Update README and make index.rst use that

grantjenks · grantjenks · commit 72f61c17ed06 · 2017-09-29T15:19:29.000-07:00
diff --git a/README.rst b/README.rst
@@ -30,7 +30,7 @@ Features
 - Command line interface for batch processing
 - Easy to hack (e.g. different scoring, new data, different language)
 - Developed on Python 2.7
-- Tested on CPython 2.6, 2.7, 3.2, 3.3, 3.4 and PyPy 2.5+, PyPy3 2.4+
+- Tested on CPython 2.6, 2.7, 3.2, 3.3, 3.4, 3.5, 3.6 and PyPy, PyPy3
 
 .. image:: https://api.travis-ci.org/grantjenks/wordsegment.svg
     :target: http://www.grantjenks.com/docs/wordsegment/
@@ -55,10 +55,14 @@ Tutorial
 In your own Python programs, you'll mostly want to use `segment` to divide a
 phrase into a list of its parts::
 
-    >>> from wordsegment import segment
+    >>> from wordsegment import load, segment
+    >>> load()
     >>> segment('thisisatest')
     ['this', 'is', 'a', 'test']
 
+The `load` function reads and parses the unigrams and bigrams data from
+disk. Loading the data only needs to be done once.
+
 WordSegment also provides a command-line interface for batch processing. This
 interface accepts two arguments: in-file and out-file. Lines from in-file are
 iteratively segmented, joined by a space, and written to out-file. Input and
@@ -116,7 +120,7 @@ Some bigrams begin with `<s>`. This is to indicate the start of a bigram::
     >>> ws.BIGRAMS['<s> what']
     11779290.0
 
-The unigrams and bigrams data is stored in the `wordsegment_data` directory in
+The unigrams and bigrams data is stored in the `wordsegment` directory in
 the `unigrams.txt` and `bigrams.txt` files respectively.
 
 Reference and Indices
@@ -135,7 +139,7 @@ Reference and Indices
 WordSegment License
 -------------------
 
-Copyright 2016 Grant Jenks
+Copyright 2017 Grant Jenks
 
 Licensed under the Apache License, Version 2.0 (the "License");
 you may not use this file except in compliance with the License.

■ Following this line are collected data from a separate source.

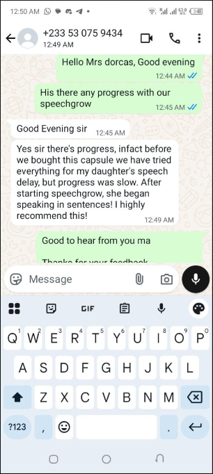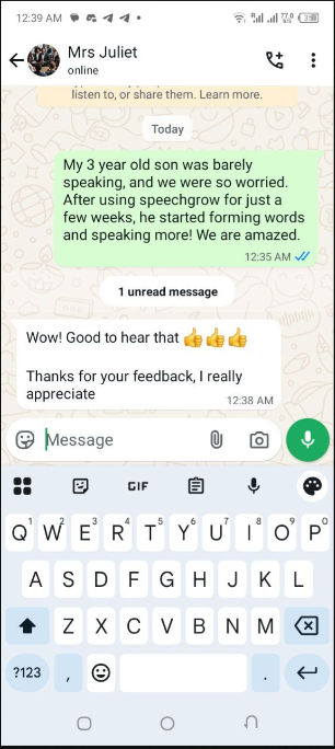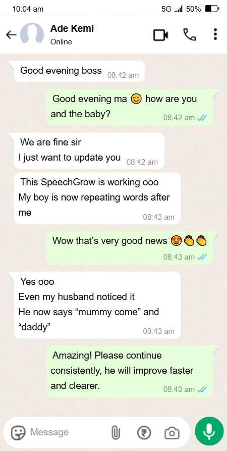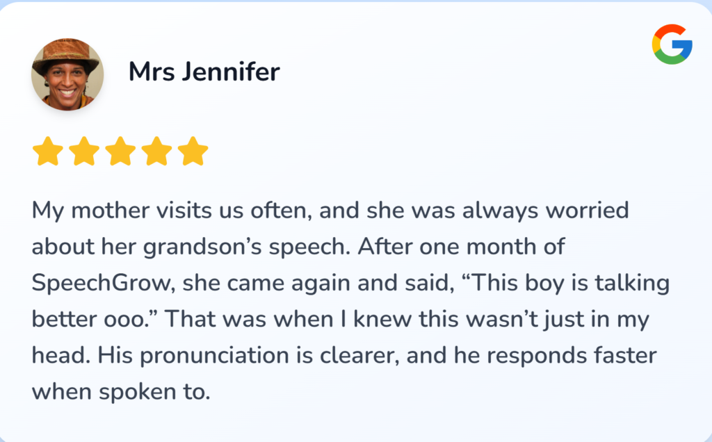 I felt helpless and blamed myself sometimes. I started SpeechGrow after someone recommended it. Within 2–3 weeks, he began repeating simple words. By the end of the first bottle, he started saying “Daddy come” and “Mummy help.”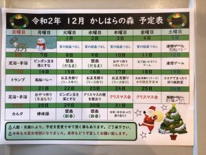 かしはらの森の12月のレクリエーション予定表です‼︎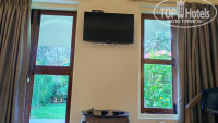 Номера в двухэтажных коттеджах (по два номера на этаже, у каждого отдельный вход). У номеров на вторых этажах предусмотрен балкон, на первых этажах терраса с собственным садиком, очень уютно отгороженным от соседних номеров стеной зелени. У нас был номер на первом этаже (номер 204). Номер не новый, но чистый.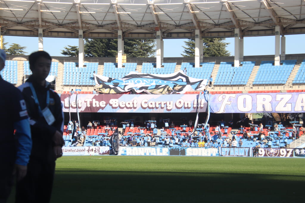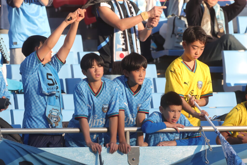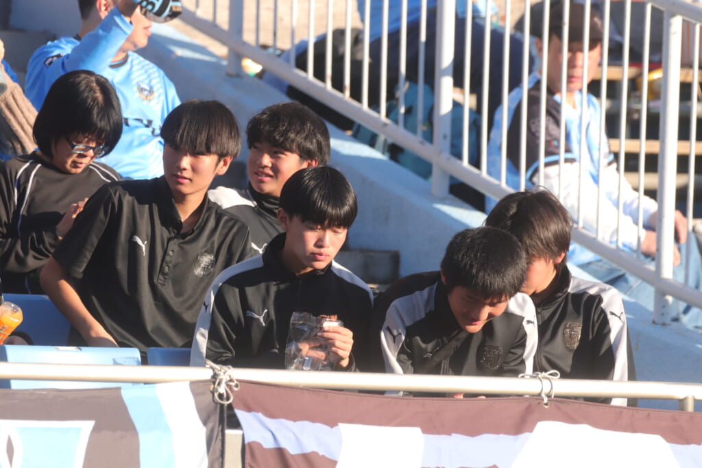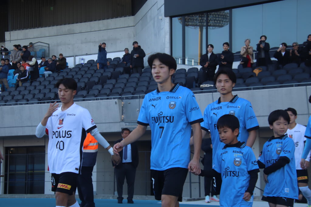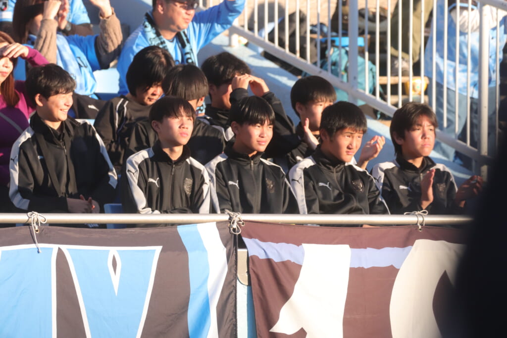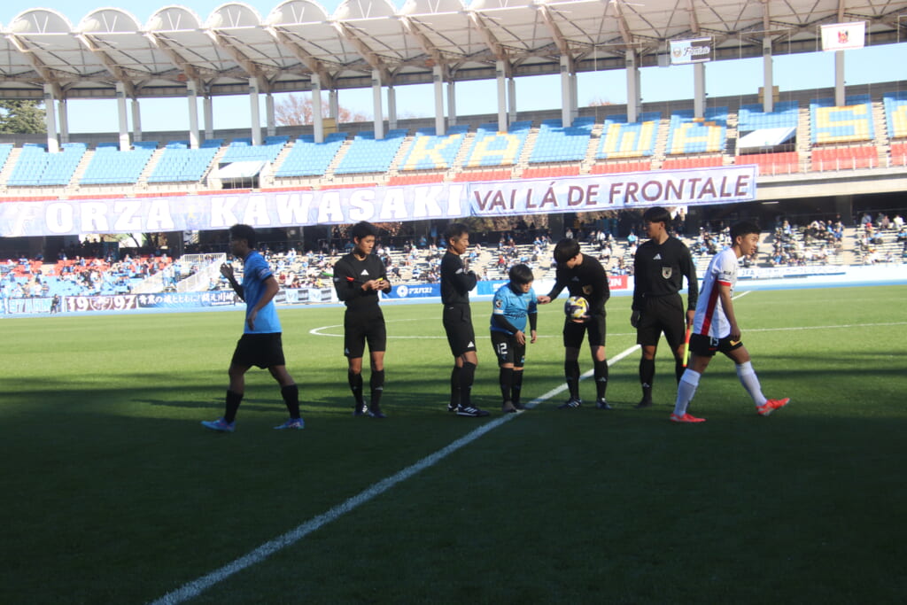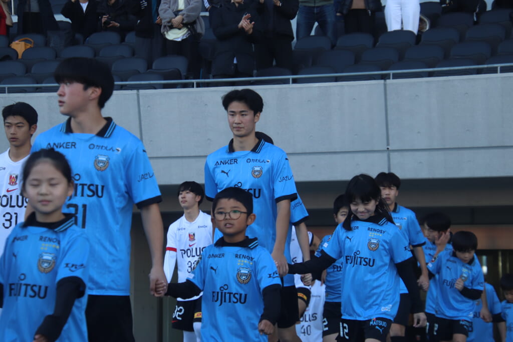 メインスタンドにも多くの人々が集い、フロンターレのサポーターらが幕を掲出し、チャントを歌えば、熱心なレッズのアカデミーのサポーターたちもゴール裏で旗を振り、選手たちを励ます。それぞれのチームへの期待のこもった雰囲気の中、キックオフの時を迎えました。

diff --git a/docs/index.rst b/docs/index.rst
@@ -1,146 +1 @@
-Python Word Segmentation
-========================
-
-`WordSegment`_ is an Apache2 licensed module for English word
-segmentation, written in pure-Python, and based on a trillion-word corpus.
-
-Based on code from the chapter "`Natural Language Corpus Data`_" by Peter
-Norvig from the book "`Beautiful Data`_" (Segaran and Hammerbacher, 2009).
-
-Data files are derived from the `Google Web Trillion Word Corpus`_, as
-described by Thorsten Brants and Alex Franz, and `distributed`_ by the
-Linguistic Data Consortium. This module contains only a subset of that
-data. The unigram data includes only the most common 333,000 words. Similarly,
-bigram data includes only the most common 250,000 phrases. Every word and
-phrase is lowercased with punctuation removed.
-
-.. _`WordSegment`: http://www.grantjenks.com/docs/wordsegment/
-.. _`Natural Language Corpus Data`: http://norvig.com/ngrams/
-.. _`Beautiful Data`: http://oreilly.com/catalog/9780596157111/
-.. _`Google Web Trillion Word Corpus`: http://googleresearch.blogspot.com/2006/08/all-our-n-gram-are-belong-to-you.html
-.. _`distributed`: https://catalog.ldc.upenn.edu/LDC2006T13
-
-Features
---------
-
-- Pure-Python
-- Fully documented
-- 100% Test Coverage
-- Includes unigram and bigram data
-- Command line interface for batch processing
-- Easy to hack (e.g. different scoring, new data, different language)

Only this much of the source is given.